_What is required_
All of the listing should be output exactly, apart from the pictures.
━━ Dataset content ━━
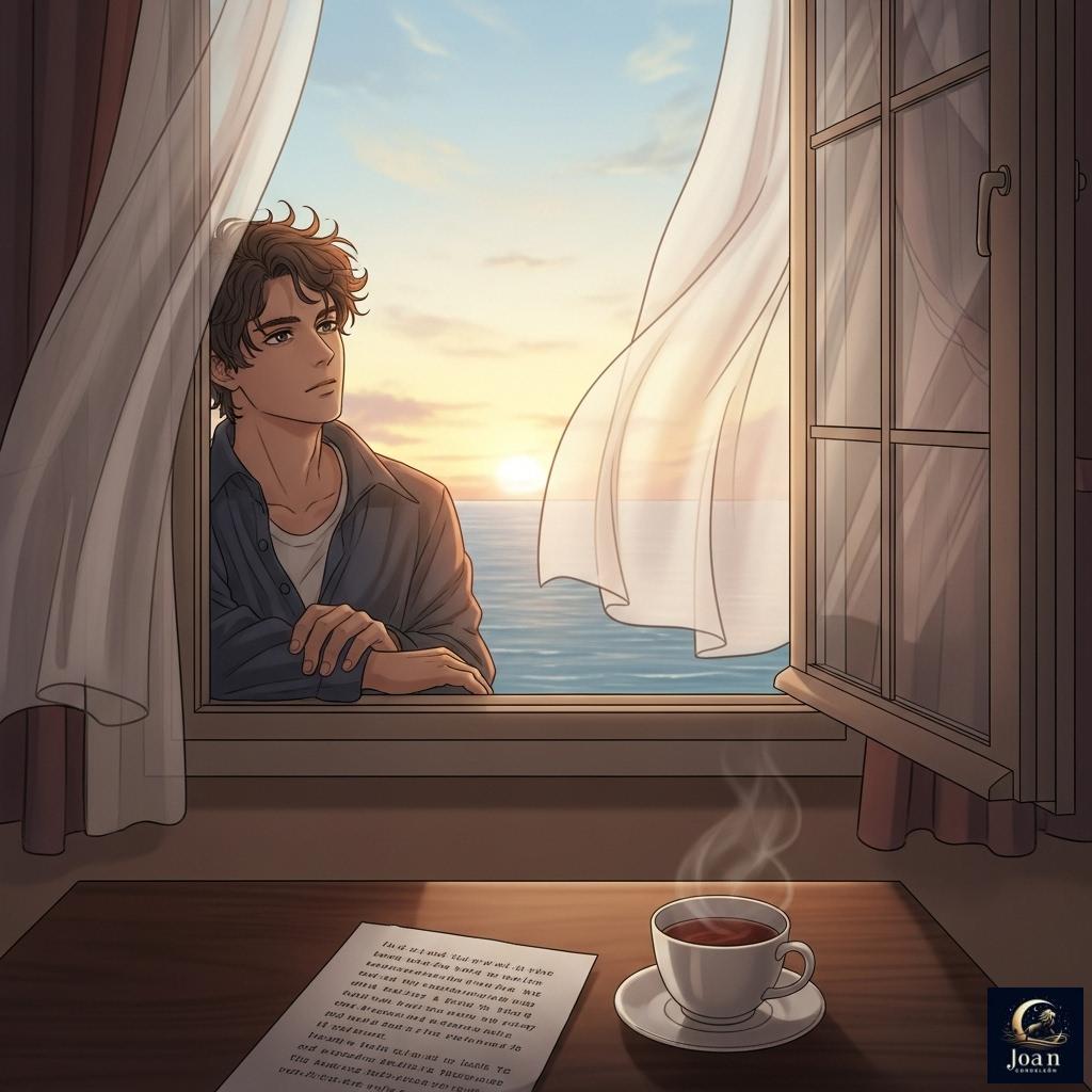Un atardecer dorado visto desde una ventana abierta, con una figura solitaria apoyada en el marco, mirando hacia el horizonte con expresión reflexiva. A lo lejos, el mar se funde con el cielo, y el viento mueve sutilmente unas cortinas semitransparentes. En la mesa cercana, una hoja de papel con palabras a medio escribir y una taza de té humeante. La atmósfera debe ser cálida y nostálgica, con tonos melancólicos pero llenos de luz suave, simbolizando el amor contenido y la esperanza silenciosa.
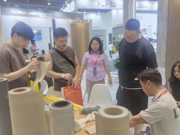 为了让观展商客更直观了解浪美装饰贴膜产品优势,展会现场还演示了装饰贴膜应用技术。浪美装饰贴膜不仅能贴平面,也能用于异形面贴膜,满足更多艺术造型贴膜需求。相比于传统材料,装饰贴膜用于表面处理,免油漆,健康环保,施工高效便捷,无粉尘,无噪音,可广泛应用在家具改色、酒店翻新,以及医院、学校、写字楼、机场、高铁、地铁等大型公共建筑。
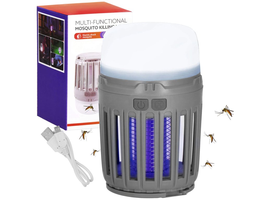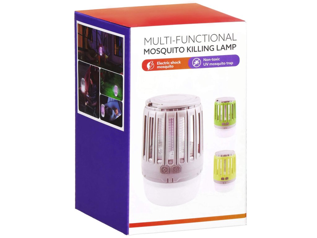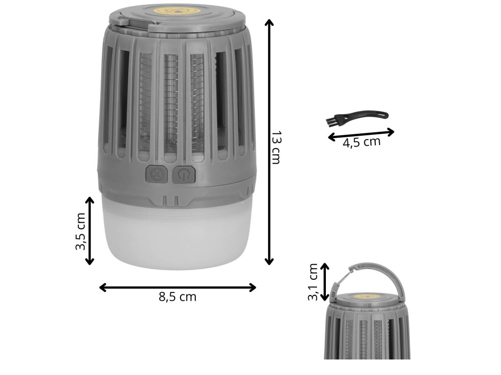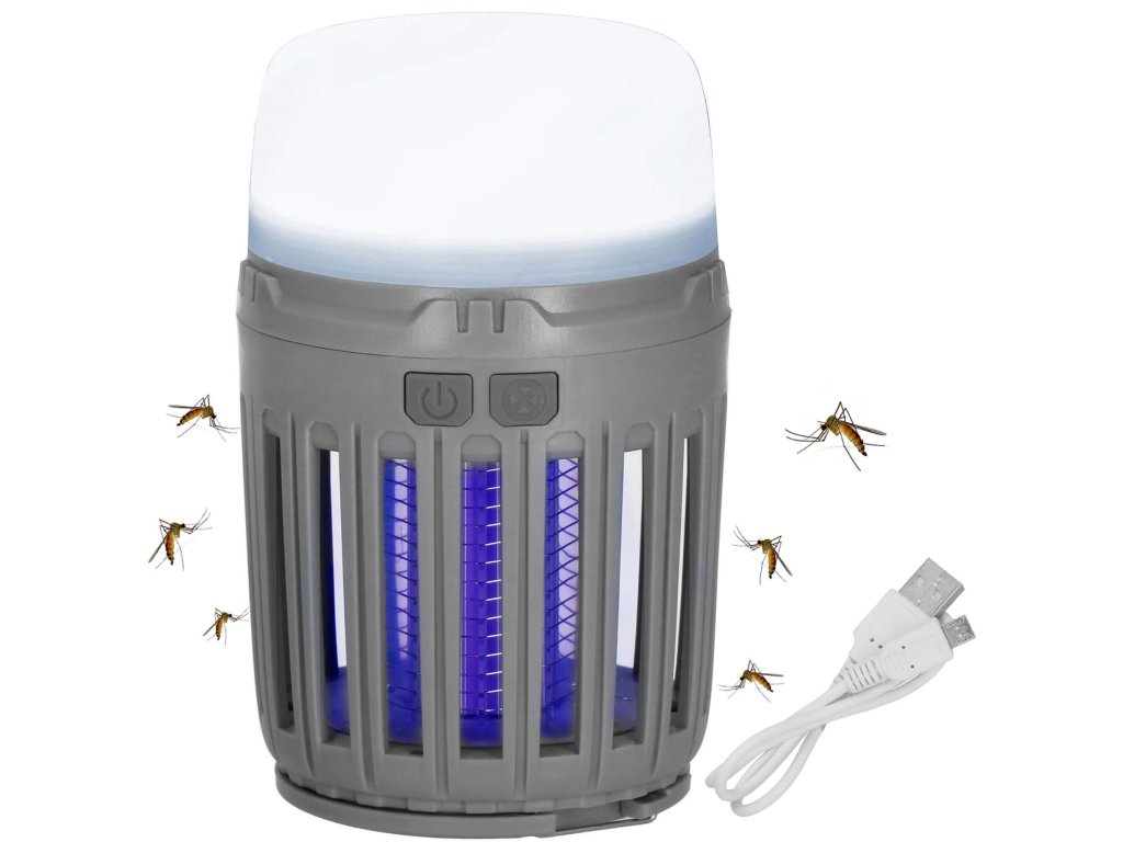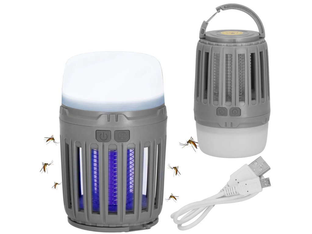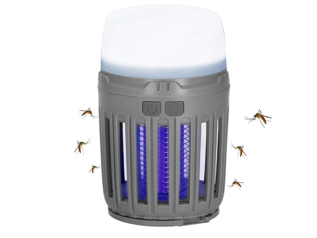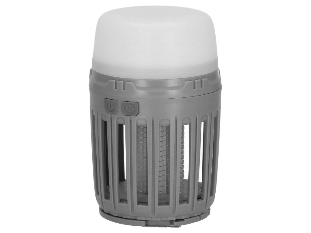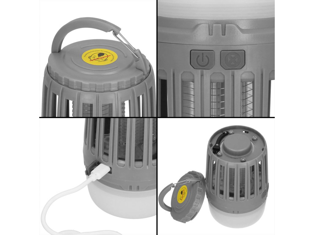 - 2 neodvisni funkciji, ki se sprožata z ločenima gumboma za vklop/izklop: 1) vijolična svetloba za privabljanje insektov in 2) bela osvetlitev/rdeča signalna luč - spodnji del svetilke
━━━
_Answer for the task_
Un atardecer dorado visto desde una ventana abierta, con una figura solitaria apoyada en el marco, mirando hacia el horizonte con expresión reflexiva. A lo lejos, el mar se funde con el cielo, y el viento mueve sutilmente unas cortinas semitransparentes. En la mesa cercana, una hoja de papel con palabras a medio escribir y una taza de té humeante. La atmósfera debe ser cálida y nostálgica, con tonos melancólicos pero llenos de luz suave, simbolizando el amor contenido y la esperanza silenciosa.
 为了让观展商客更直观了解浪美装饰贴膜产品优势,展会现场还演示了装饰贴膜应用技术。浪美装饰贴膜不仅能贴平面,也能用于异形面贴膜,满足更多艺术造型贴膜需求。相比于传统材料,装饰贴膜用于表面处理,免油漆,健康环保,施工高效便捷,无粉尘,无噪音,可广泛应用在家具改色、酒店翻新,以及医院、学校、写字楼、机场、高铁、地铁等大型公共建筑。
 - 2 neodvisni funkciji, ki se sprožata z ločenima gumboma za vklop/izklop: 1) vijolična svetloba za privabljanje insektov in 2) bela osvetlitev/rdeča signalna luč - spodnji del svetilke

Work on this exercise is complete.